The root cause is that user-supplied segment numbers are not validated
before nilfs_clean_segments() begins doing work; the range check on
each segnum is performed deep inside the call chain by
nilfs_sufile_updatev(), which emits a nilfs_warn() per invalid entry
while still holding the segctor lock and the sufile mi_sem.  Under load
(repeated invocations across multiple mounts saturating the global
printk path), the cumulative printk latency keeps ns_segctor_sem held
long enough to trip the hung_task watchdog, blocking concurrent
operations such as chmod() that need ns_segctor_sem for read.

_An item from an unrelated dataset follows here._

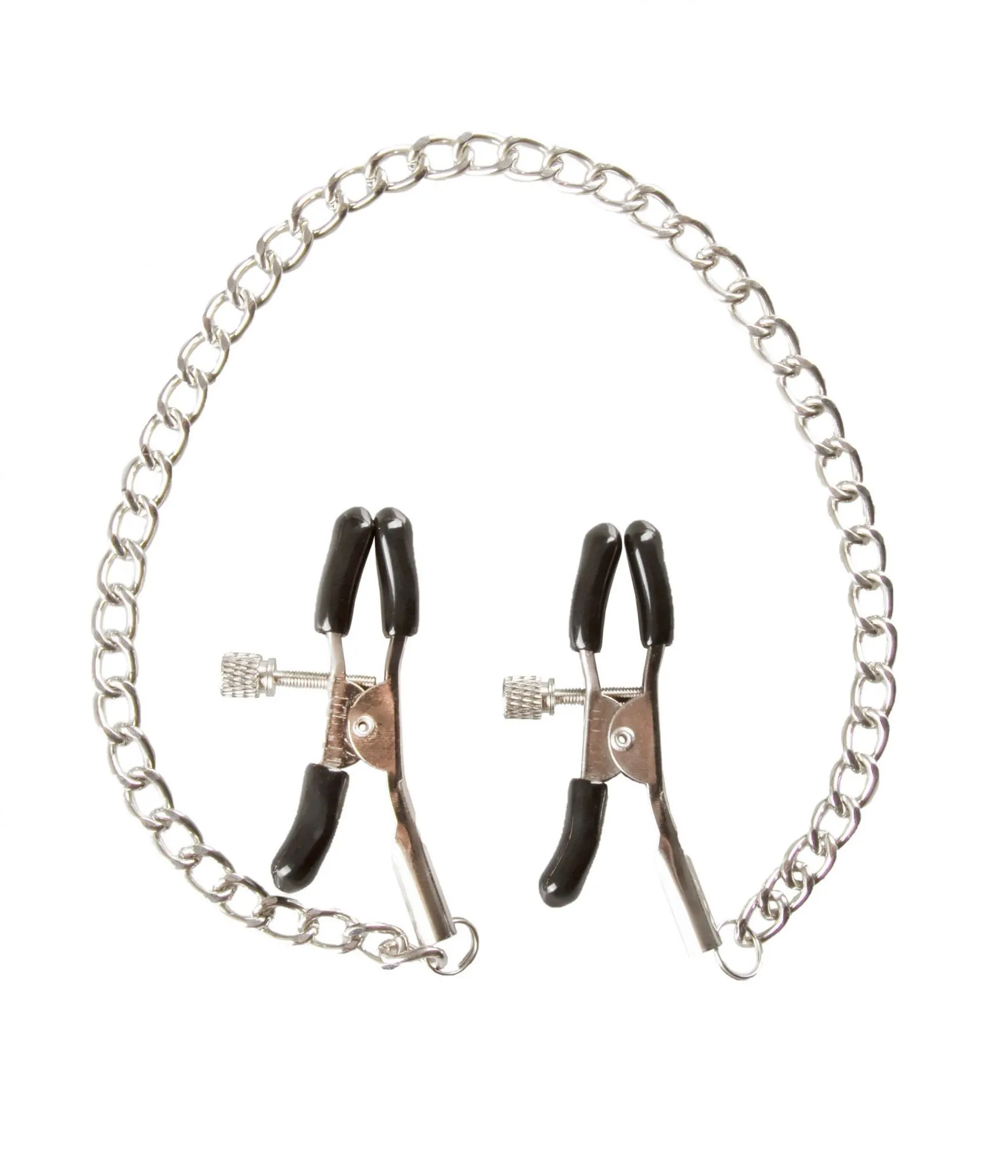 Зажимы для сосков - это аксессуар, который идеально подойдет тем, кто хочет разнообразить свои сексуальные игры, добавив в них элемент БДСМ. Данная модель соединяет два зажима цепью, которая будет слегка подергивать их под тяжестью своего веса.

Fix by validating the contents of kbufs[4] in nilfs_clean_segments()
immediately after acquiring ns_segctor_sem via nilfs_transaction_lock().

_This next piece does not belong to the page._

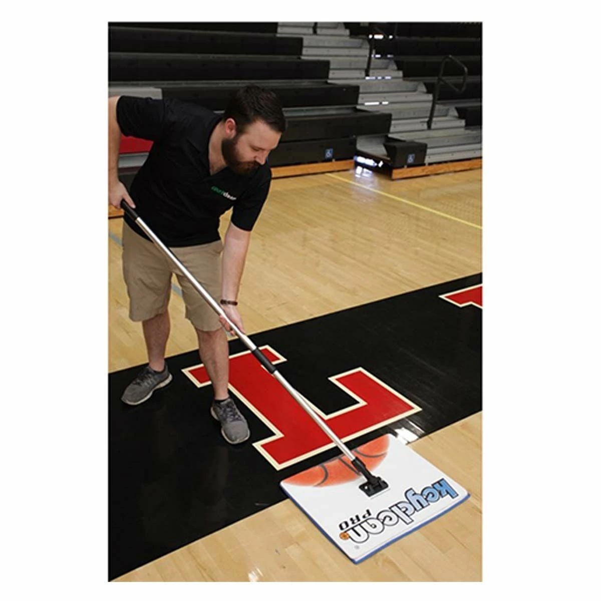 The Key Clean Pro reduces potential for slips and falls that can cause serious injury by picking up moisture and dirt in the “key” areas during practice & games. Key Clean is the perfect companion to the Courtclean full court cleaner (see below). This lightweight microfiber mop is a breeze to use and the telescoping handle provides adjustability for different users. Key Clean Pro has super absorption allowing floors to dry quickly, leaving them lint free and spotless. Not only does Key Clean PRO polish and buff floors, but it also removes germs, mites, fungus, mold and bacteria.

Holding ns_segctor_sem serializes the check against
nilfs_ioctl_resize(), which can modify ns_nsegments, so the validation
uses a consistent value.  Out-of-range segment numbers are rejected
with -EINVAL before any segment-cleaning work begins, so the bad
entries never reach the per-element diagnostic path inside
nilfs_sufile_updatev().

Reported-by: syzbot+62f0f99d2f2bb8e3bbd7@syzkaller.appspotmail.com
Closes: https://syzkaller.appspot.com/bug?extid=62f0f99d2f2bb8e3bbd7
Tested-by: syzbot+62f0f99d2f2bb8e3bbd7@syzkaller.appspotmail.com
Fixes: 4f6b828837b4 ("nilfs2: fix lock order reversal in nilfs_clean_segments ioctl")

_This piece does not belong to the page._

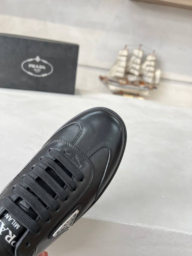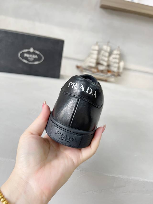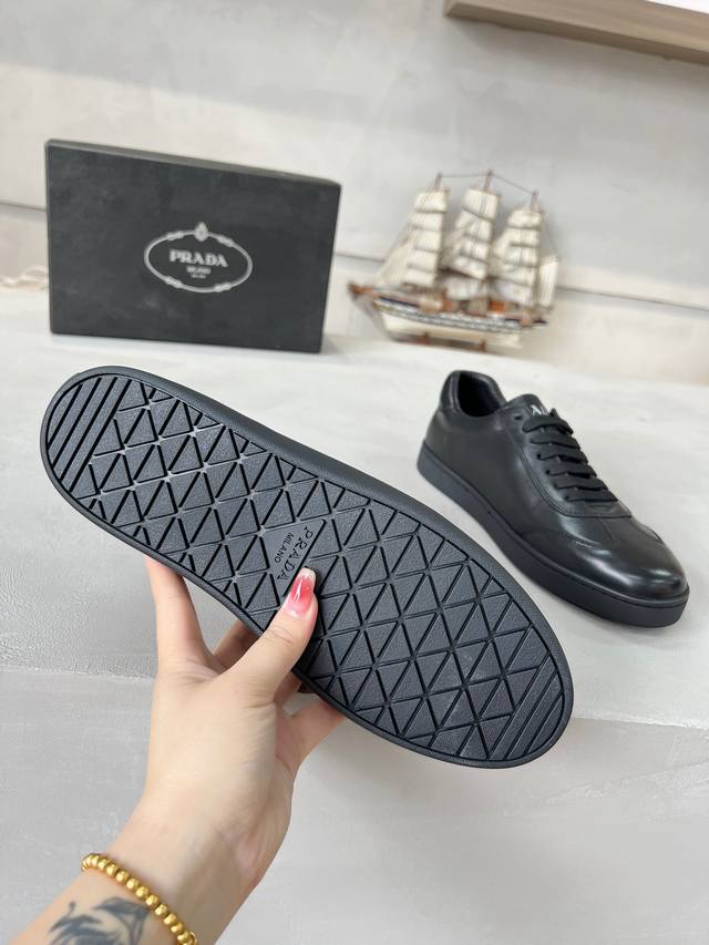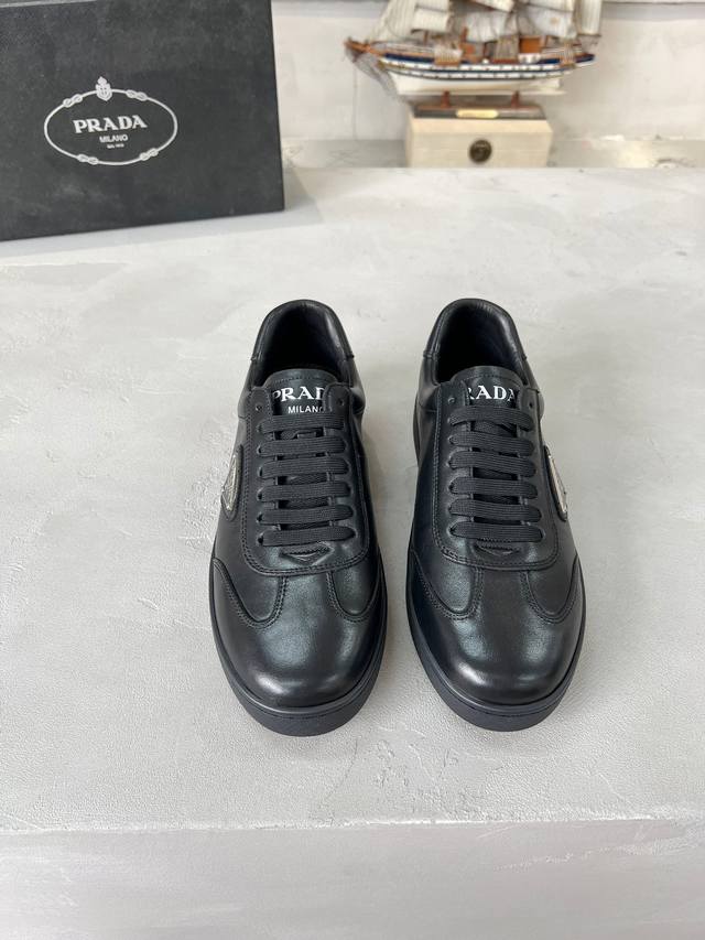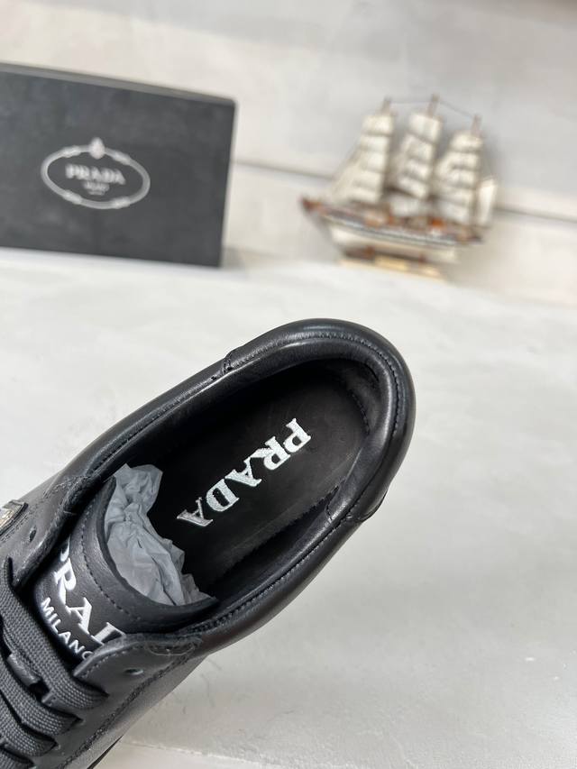 Factory Price: Prada men's shoes, best-selling item in boutiques, same as the official website, high-quality delivery. Material: Original cowhide leather. Lining: Cowhide insole + cowhide lining. Outsole: Original rubber sole. Sizes: 38-45. Size 45 is custom-made and non-refundable.

Cc: stable@vger.kernel.org
Signed-off-by: Deepanshu Kartikey <kartikey406@gmail.com>
---
Changes in v3:
  - Move validation from nilfs_ioctl_clean_segments() into
    nilfs_clean_segments(), under ns_segctor_sem held for write
    by nilfs_transaction_lock(), to serialize against
    nilfs_ioctl_resize() which can modify ns_nsegments
    (Ryusuke Konishi)
  - Introduce local variables segnumv and nfreesegs for readability,
    rather than open-coding casts of kbufs[4] (Ryusuke Konishi)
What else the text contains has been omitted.